Insieme a questa, l’Akademie presenta «Ein Dorf 1950-2022. Ute Mahler, Werner Mahler und Ludwig Schirmer», curata da Marit Lena Herrmann, un lavoro di ampio respiro che mostra l’evoluzione e i cambiamenti di Berka, un villaggio turingio nell’arco di più di settant'anni. Per tutto il mese di marzo, istituzioni, archivi, collezioni, spazi espositivi e gallerie berlinesi aprono le loro porte per farci riscoprire la fotografia in tutte le sue forme.
Questa undicesima edizione dell’Emop, dall’1 al 31 marzo, riesce a immergerci nei discorsi contemporanei sociali e politici, aprendo uno spazio per dialogare tra presente e passato, tra differenze sociali e culturali, tra identità individuali e collettive, tra conflitti globali e soluzioni locali, favorendo un confronto che stimola la riflessione e l’azione nel contesto attuale.

«ABC-Grafton G2651» (2022) di Silvia Rosi.

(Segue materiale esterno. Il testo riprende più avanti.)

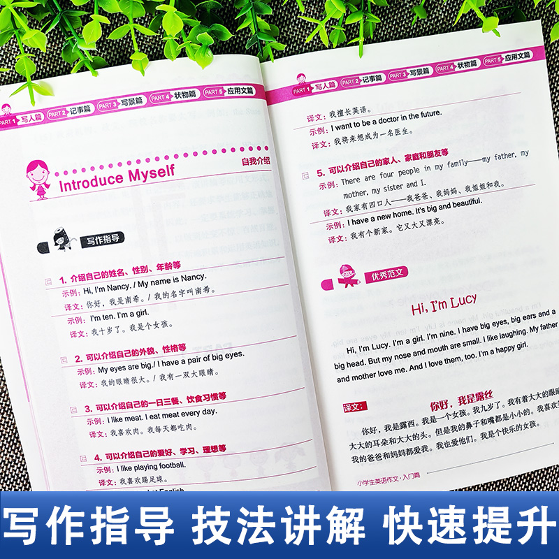 三四五六年级小学英语作文范文大全小学生英语作文书入门与提高小升初英语作文写作训练大全 典范篇 2册 小学生英语作文入门篇
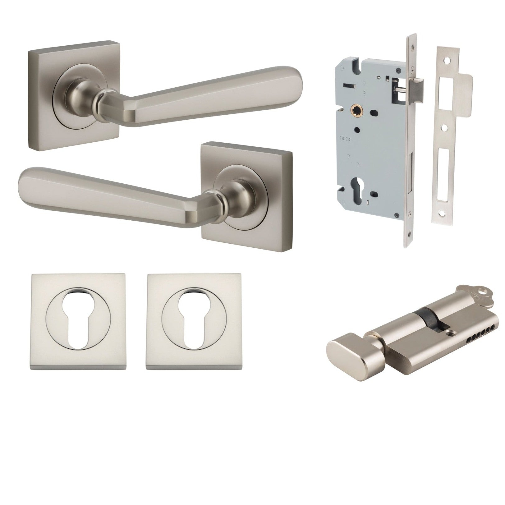 Included in Kit: Door Lever Copenhagen Square Rose Satin Nickel H52xW52xP61mm Entrance Kit, Mortice Lock Euro Satin Nickel CTC85mm Backset 60mm, Euro Cylinder Key Thumb 6 Pin Satin Nickel L70mm KA1, Escutcheon Euro Concealed Fix Square Pair Satin Nickel H52xW52xP10mm
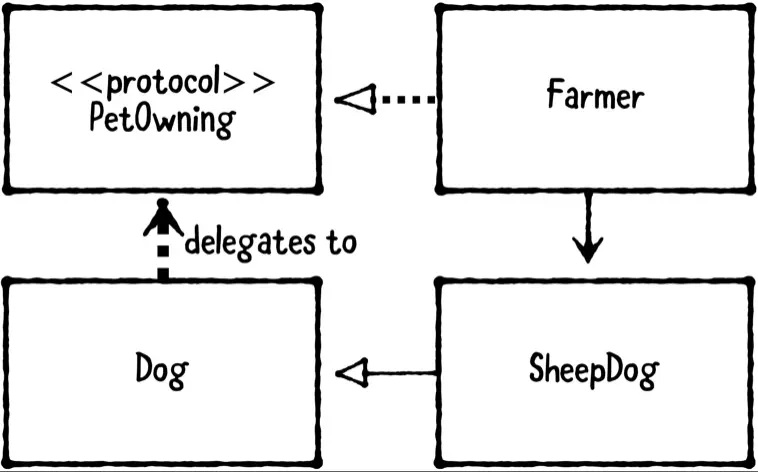 如果一个箭头的意义很明确,可以删除一些解释性文字,通常可以删除继承,属性和实现的解释文字。然而,应该保留依赖的文字。因为,他们的意义通常不太明确。 下面是一副表示 Farmer 和 Dog 的完整的 UML 图。Dog 代理到 PetOwning 对象。
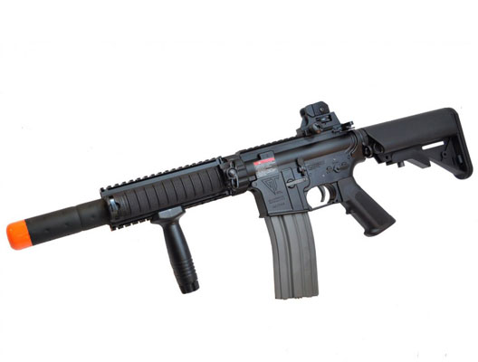 The G&G Top Tech TR4 CQB-S Blowback AEG electric airsoft rifle is part of G&G’s high end series. The gun features a full metal body with removable rear sight as well as full metal rails on the top, front grips, sling adapter, etc. The battery fits in the crane stock. This rifle features G&G’s blowback system for added realism. While not providing the same kick as a gas rifle, or a real rifle, you can still feel the recoil. This is a great airsoft rifle for those interested in M4/M16 variants!
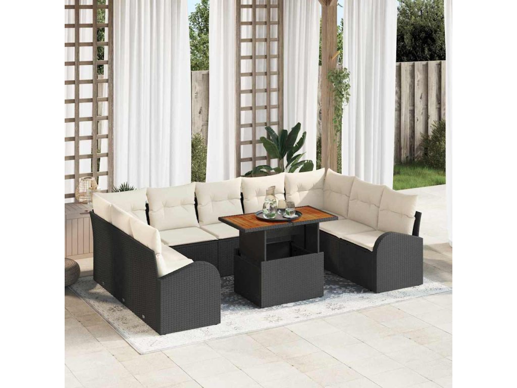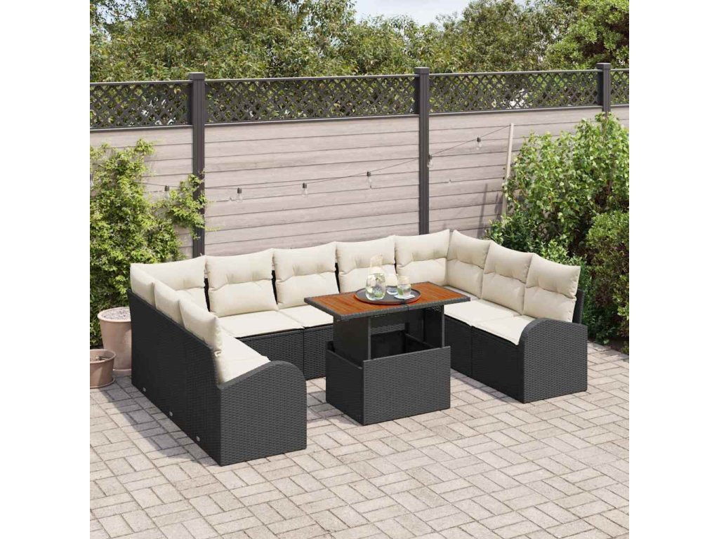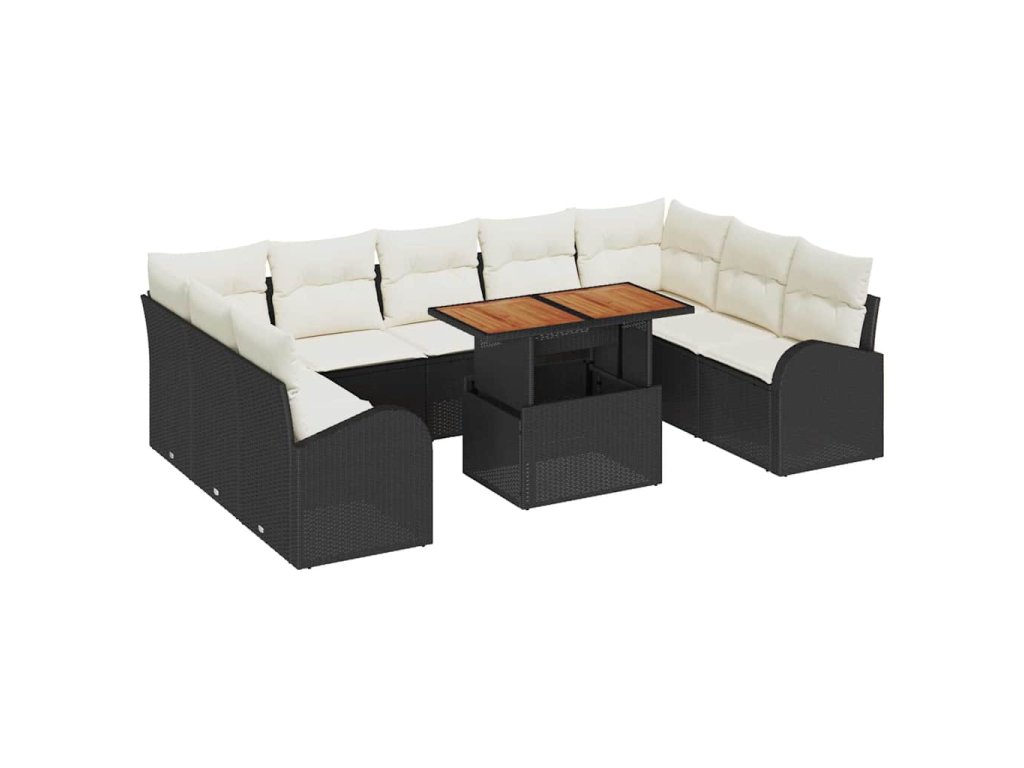 Sada zahradních pohovek s úložištěm 10 pcs Černá Poly ratan
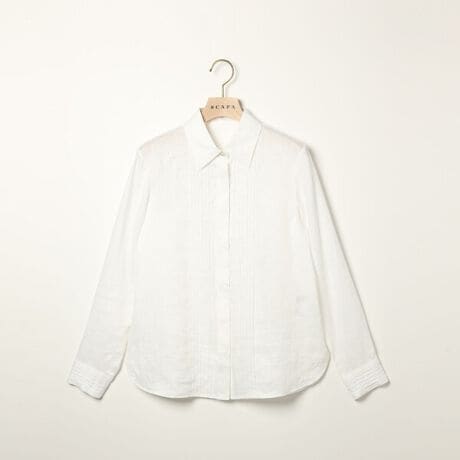 涼しげなシャリ感と上品な光沢感を持ち合わせた麻素材の長袖ブラウス。フロントとカフスのクラシカルなピンタックデザインが、装いに気品を与えてくれます。左胸のロゴ刺繍もさりげないアクセント。すっきりとしたシルエットで、一枚着はもちろん、インナー使いや軽い羽織りとしても着用いただけます。
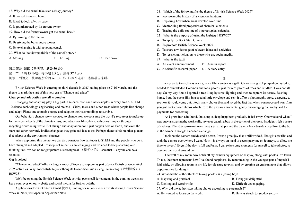 湖南 英语试题
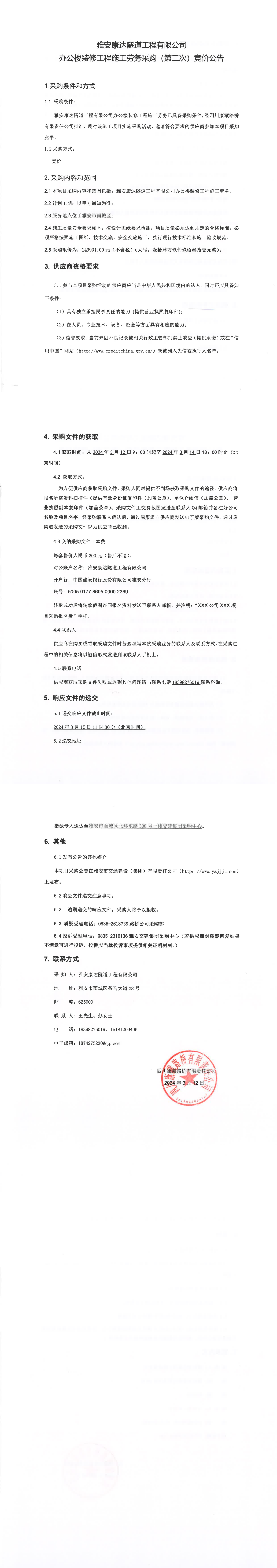 雅安康达隧道工程有限公司办公楼装修工程施工劳务竞价采购(第二次)公告

Foto © Silvia Rosi, con il supporto di Fondazione MaXXI Foundation e di Bulgari
Da vedere tra le mostre istituzionali: le storie più significative
Il C/O presenta «Protekorat» di Silvia Rosi (1992), vincitrice del C/O Berlin Talent Award 2024. In collaborazione con la curatrice e autrice Kathrin Bauer (1992), l’artista italo-togolese occupa una parte del primo piano dell’Amerika Haus con una mostra centrata sui discorsi post-colonialisti e concretamente, sull’evangelizzazione del Togo dai missionari tedeschi. In un assemblaggio di fotografie, video e documenti d’archivio, l’artista riflette sulla migrazione, l’identità e la memoria collettiva in una prospettiva diasporica. «Protektorat» condivide lo spazio espositivo con una mostra di Sam Youkilis, il fotografo più famoso di Instagram, e al piano terra «A World in Common», una selezione di opere di più di venti artisti che affrontano il tema della colonizzazione in Africa. Tutte e tre le esposizioni sono da vedere entro il 7 maggio 2025.
Da vedere tra le mostre in galleria: gli eventi più commoventi
Come si delineano le frontiere? Come si determina dove ci si sente a casa? Alla galleria Klemm’s, le opere di Felipe Romero Beltrán (1992) hanno lo scopo di mostrarci le difficoltà di giovani migranti marocchini, spesso minorenni, arrivati illegalmente in Spagna. La mostra «Dialect» utilizza il medium come cronaca: l’artista ha seguito questi ragazzi per tre anni, raccontando la loro vita in un «centro d’attesa», mentre aspettano di ricevere lo statuto di residenti. Le fotografie sono presentate assieme ad un video «Recital», 20 minuti in cui uno dei ragazzi cerca di leggere in spagnolo il documento ufficiale della legge sull’immigrazione. La mostra chiude il 12 aprile 2025.
Da non mancare: foto giornalistiche ormai icone
«Zeit der Umbrüche», ovvero «Momento di sconvolgimento», è la mostra della fotografa tedesca Johanna-Maria Fritz (1994) esposta al Willy-Brand Haus. I suoi soggetti sono le zone di conflitto e di guerra, in Stati falliti, tra minoranze perseguitate e ai margini della società. La mostra presenta il considerevole corpus di lavori dell’artista di soli 30 anni. Fritz lavora nel giornalismo e le sue fotografie appaiono spesso sui media internazionali. Fra queste, si possono osservare foto di combattenti talebani, di campi di rifugiati, ma anche delle tracce della stregoneria in Romania.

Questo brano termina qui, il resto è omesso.